My opinion is that there is selfishness on both sides. Each side has their preference that suits them, and goes directly against the other side. When you have conflict like that, it’s bound to create very strong feelings.
Personally, I’m pretty sure that as much pain as I’m in and as much as I want to end it all, I wouldn’t be able to do it if I had kids in my life. But that is just me. I understand that some have a different view.
I will be posting about my daughter’s birthday in a bit that will shed more light on that.
I believe that we are to search for what our truth is for ourselves, which doesnt leave much room for others, however callus the words sound but, it’s what we are here for, what this whole concept of life was about… but the fact is, this life just isn’t for everyone.
Ask yourself what you truly want to do. This may not be a quick answer and may take time and a lot of research (as it has for me, but I did find my answer)- don’t rush it; however, when you get your answer, be resolved in what you find is best, no matter how scary. As I’ve said in other posts, it takes courage to live miserably (or happy) and it takes courage to die happily.
What I mean is… I’ve never fit in, I have been alone my whole life and all of the knowledge and understanding I’ve learned/searched for has led me to know that I’m just not meant to be here anymore.

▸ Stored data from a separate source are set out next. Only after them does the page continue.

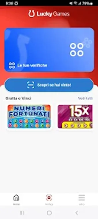 Lucky Verifica Vincite è un'applicazione gratuita disponibile su Android, progettata per aiutare gli utenti a verificare le vincite di diverse lotterie. L'app consente di controllare rapidamente i risultati delle giocate tramite la scansione del QR Code sulla ricevuta o inserendo manualmente i dati del biglietto. La schermata principale offre un accesso facile a tutte le funzionalità, inclusa la consultazione delle verifiche recenti e dei giochi supportati.
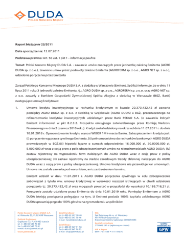 Raport bieżący nr 23/2011 Data sporządzenia: 12.07.2011 Podstawa prawna: Art. 56 ust. 1 pkt 1 – informacje poufne Temat: Polski Koncern Mięsny DUDA S.A. - zawarcie umów znaczących przez jednostkę zależną Emitenta (AGRO DUDA sp. z o.o.), zawarcie umów przez podmioty zależne Emitenta (AGROFERM sp. z o.o., AGRO NET sp. z o.o.), udzielenie poręczenia przez Emitenta Zarząd Polskiego Koncernu Mięsnego DUDA S.A. z siedzibą w Warszawie (Emitent, Spółka) informuje, że w dniu 11 lipca 2011 roku 3 jednostki zależne Emitenta, tj.: AGRO DUDA sp. z o.o., AGROFERM sp. z o.o. oraz AGRO NET sp. z o.o. zawarły z Bankiem Gospodarki Żywnościowej Spółka Akcyjna z siedzibą w Warszawie (BGŻ, Bank) następujące umowy kredytowe: 1. Umowa kredytu inwestycyjnego w rachunku kredytowym w kwocie 20.373.432,42 zł zawarta pomiędzy AGRO DUDA sp. z o.o. z siedzibą w Grąbkowie (AGRO DUDA) a BGŻ, przeznaczonego na refinansowanie kredytów inwestycyjnych udzielonych przez Bank PEKAO S.A. (o zawarciu których Emitent informował w pkt 8.2.3.2. Prospektu emisyjnego zatwierdzonego przez Komisję Nadzoru Finansowego w dniu 2 czerwca 2010 roku). Kredyt został udzielony na okres od dnia 11.07.2011 r. do dnia 10.01.2018 r. Oprocentowanie kredytu wynosi WIBOR 1M+marża Banku. Zabezpieczeniem kredytu jest: (i) poręczenie wg prawa cywilnego Emitenta, (ii) pełnomocnictwo do rachunków bankowych AGRO DUDA prowadzonych w BGŻ,(iii) hipoteki łączne o sumach odpowiednio: 16.000.000 zł, 30.0000.000 zł, 5.000.000 zł wraz z cesją praw z polis ubezpieczeniowych umów na nieruchomościach AGRO DUDA; (iv) zastaw rejestrowy na wyposażeniu ferm należących do AGRO DUDA wraz z cesją praw z polisy ubezpieczeniowej; (v) zastaw rejestrowy na stadzie zarodowym trzody chlewnej należącym do AGRO DUDA wraz z cesją praw z polisy ubezpieczeniowej. Umowa kredytowa nie przewiduje kar umownych. Umowa nie została zawarta pod warunkiem, ani z zastrzeżeniem terminu. Emitent udzielił w dniu 11.07.2011 r. AGRO DUDA poręczenia cywilnego w celu zabezpieczenia zobowiązań z tytułu ww. umowy kredytowej w wysokości roszczeń istniejących w chwili udzielenia poręczenia tj.: 20.373.432,42 zł oraz mogących powstać w przyszłości do wysokości 10.186.716,21 zł. Poręczenie zostało udzielone przez Emitenta do dnia 10.01.2019 roku. Pomiędzy Emitentem a AGRO DUDA istnieją powiązania polegające na tym, iż Emitent posiada 100% kapitału zakładowego AGRO DUDA uprawniającego do 100% głosów na zgromadzeniu wspólników. 2. Umowa kredytu obrotowego w rachunku bieżącym do kwoty 18.300.000 zł zawarta pomiędzy AGRO DUDA a BGŻ na okres 12 miesięcy, z przeznaczeniem na finansowanie działalności bieżącej od dnia 11.07.2011, z zastrzeżeniem, że kredyt nie może być wykorzystany do sfinansowania opcji Buy Back umowy restrukturyzacyjnej (Układ naprawczy z dnia 24 lipca 2009 pomiędzy PKM DUDA S.A. a wierzycielami). Oprocentowanie kredytu wynosi WIBOR 1M+marża Banku. Zabezpieczeniem kredytu jest: (i) poręczenie wg prawa cywilnego Emitenta, (ii) pełnomocnictwo do rachunków bankowych AGRO DUDA prowadzonych w BGŻ,(iii) hipoteki o sumach odpowiednio: 16.000.000 zł, 30.0000.000 zł, wraz z cesją praw z polis ubezpieczeniowych umów na nieruchomościach AGRO DUDA. Umowa kredytowa nie przewiduje kar umownych. Umowa nie została zawarta pod warunkiem, ani z zastrzeżeniem terminu. Emitent udzielił w dniu 11.07.2011 r. AGRO DUDA poręczenia cywilnego w celu zabezpieczenia zobowiązań z tytułu ww. umowy kredytowej w wysokości roszczeń istniejących w chwili udzielenia poręczenia tj.: 18.300.000 zł oraz mogących powstać w przyszłości do wysokości 9.150.000 zł. Poręczenie zostało udzielone przez Emitenta do dnia 10.07.2013 roku. Pomiędzy Emitentem a AGRO DUDA istnieją powiązania polegające na tym, iż Emitent posiada 100% kapitału zakładowego AGRO DUDA uprawniającego do 100% głosów na zgromadzeniu wspólników. Umowy kredytowe wskazane w pkt. 1 i 2 powyżej zostały uznane za znaczące ze względu na fakt, że ich łączna wartość przekracza 10% kapitałów własnych Emitenta. 3. Umowa kredytu inwestycyjnego w rachunku kredytowym w kwocie 13.235.200 zł zawarta pomiędzy AGROFERM sp. z o.o. z siedzibą w Grąbkowie (AGROFERM) a BGŻ, przeznaczonego na refinansowanie kredytów inwestycyjnych udzielonych przez Bank PEKAO S.A. (o zawarciu których Emitent informował w pkt 8.2.3.2. Prospektu emisyjnego zatwierdzonego przez Komisję Nadzoru Finansowego w dniu 2 czerwca 2010 roku). Kredyt został udzielony na okres od dnia 11.07.2011 r. do dnia 10.01.2018 r. Oprocentowanie kredytu wynosi WIBOR 1M+marża Banku. Zabezpieczeniem kredytu jest: (i) poręczenie wg prawa cywilnego Emitenta, (ii) pełnomocnictwo do rachunków bankowych AGROFERM prowadzonych w BGŻ,(iii) hipoteka łączna o sumie 25.000.000 zł wraz z cesją praw z polis ubezpieczeniowych umów na nieruchomości AGROFERM. Umowa kredytowa nie przewiduje kar umownych. Umowa nie została zawarta pod warunkiem, ani z zastrzeżeniem terminu. Emitent udzielił w dniu 11.07.2011 r. AGROFERM poręczenia cywilnego w celu zabezpieczenia zobowiązań z tytułu ww. umowy kredytowej w wysokości roszczeń istniejących w chwili udzielenia poręczenia tj.: 13.235.200 zł oraz mogących powstać w przyszłości do wysokości 6.617.600 zł. Poręczenie zostało udzielone przez Emitenta do dnia 10.01.2019 roku. Pomiędzy Emitentem a AGROFERM istnieją powiązania polegające na tym, iż Emitent posiada 100% kapitału zakładowego AGROFERM uprawniającego do 100% głosów na zgromadzeniu wspólników. 4. Umowa kredytu obrotowego w rachunku bieżącym do kwoty 3.300.000 zł zawarta pomiędzy AGROFERM a BGŻ na okres 12 miesięcy z przeznaczeniem na finansowanie działalności bieżącej od dnia 11.07.2011, z zastrzeżeniem, że kredyt nie może być wykorzystany do sfinansowania opcji Buy Back umowy restrukturyzacyjnej (Układ naprawczy z dnia 24 lipc
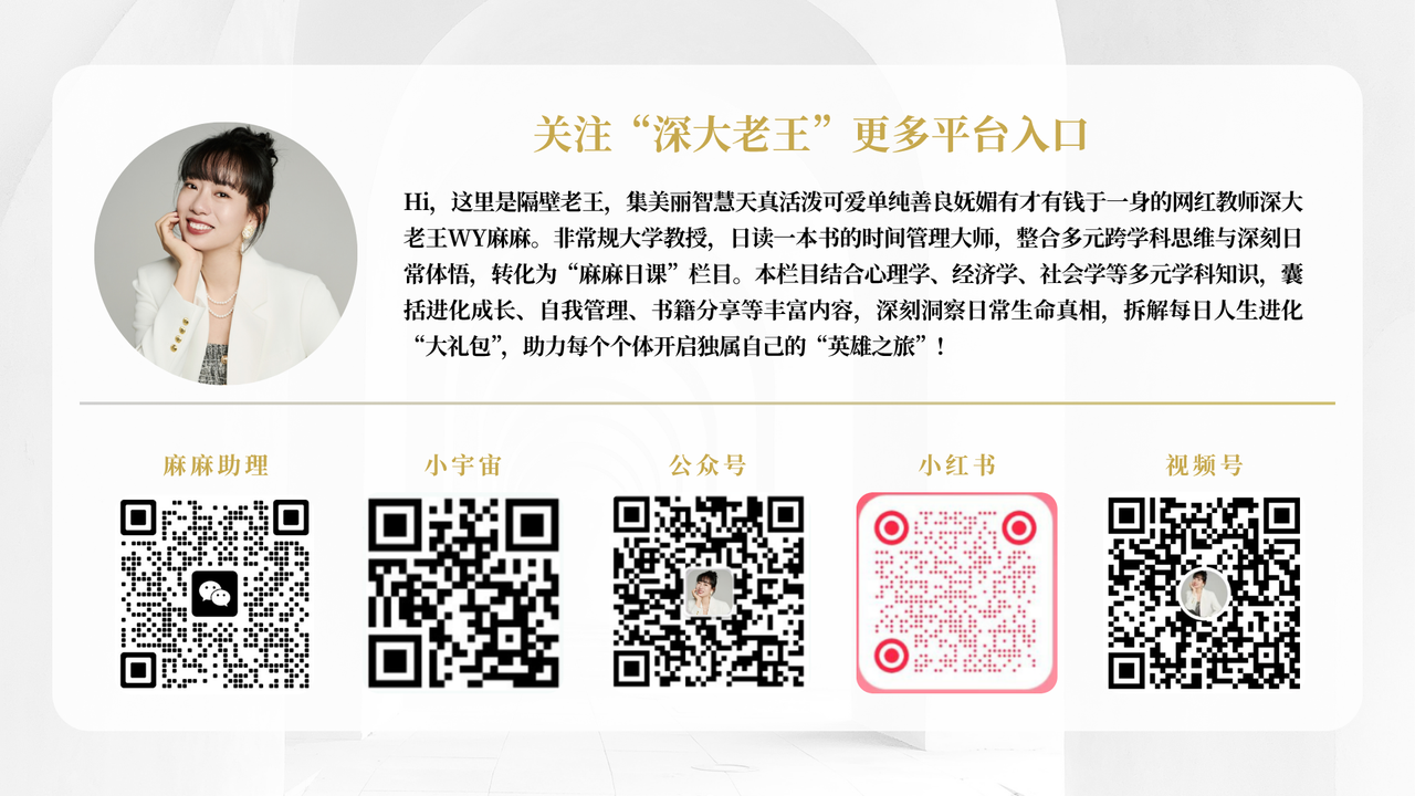 ✨深大老王WY麻麻,非常规大学教授,日读一本书的时间管理大师,整合多元跨学科思维与深刻日常体悟,转化为“麻麻日课”栏目。本栏目结合心理学、经济学、社会学等多元学科知识,囊括进化成长、自我管理、书籍分享等丰富内容,深刻洞察日常生命真相,拆解每日人生进化“大礼包”,助力每个个体开启独属自己的“英雄之旅”!
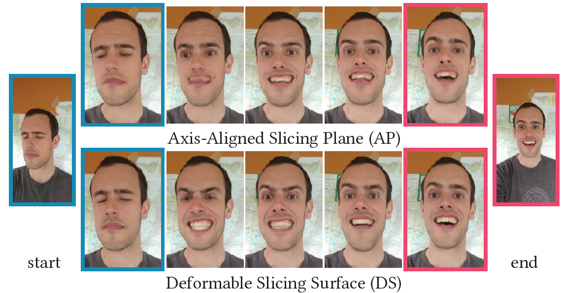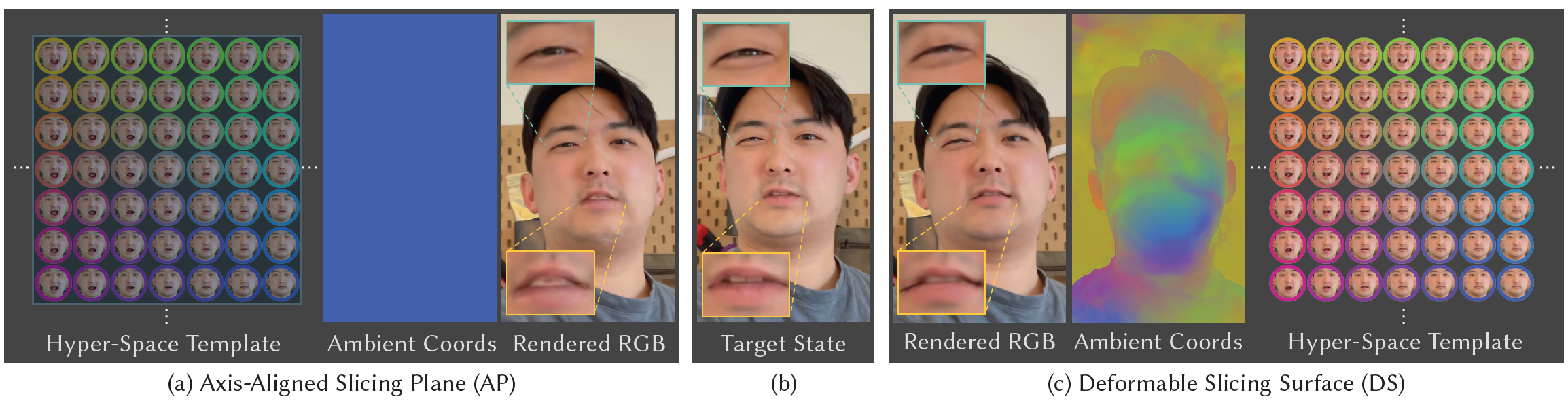 Fig. 6. 우리는 axis-aligned slicing planes (AP, a)와 deformable surfaces (DS, c)로부터 얻은 target state를 rendering한다.

The sheer incompatibility I feel with this earth at every second of the day is .. I think you may know what I’m talking about.
The point is, I’m resolved in my decision to die… I now have to focus my intent on doing so and allow life to continue around me as it will when I’m gone. The words “be resolved and then focus on what you have decided to do” doesn’t condone neglecting yourself or your loved ones. You should also never allow guilt to make your decisions for you. Ignore guilt. You can leave this life after carefully planning a good strategy that benefits you and your family where they aren’t left in a devastating condition. Death is absolute here on earth, but you’ll see them again in a better place. I call this place home. We all came to this earth from home, and we will go back, sooner or later. It really doesn’t matter if it’s sooner. You have to ask yourself if suffering is what you’d prefer to have courage to do. If so, live your life with that resolve and be as happy as you can when you can.
I’ve worked in professions where people save lives all my life Amd sciety will always be contrary to any association/discussion to death and dying because they THEY have made it an abomination.
The guilt you are feeling about your family is a normal and very good response, but should not be your compass in denying yourself this decision if it’s the best one.
If you truly believe you don’t belong here anymore (and you’re resolved in that being the best decision for you), you need to honor that.
However, if you truly believe you DO belong here/have a purpose, you must honor that as well.
The decision is always for you to make.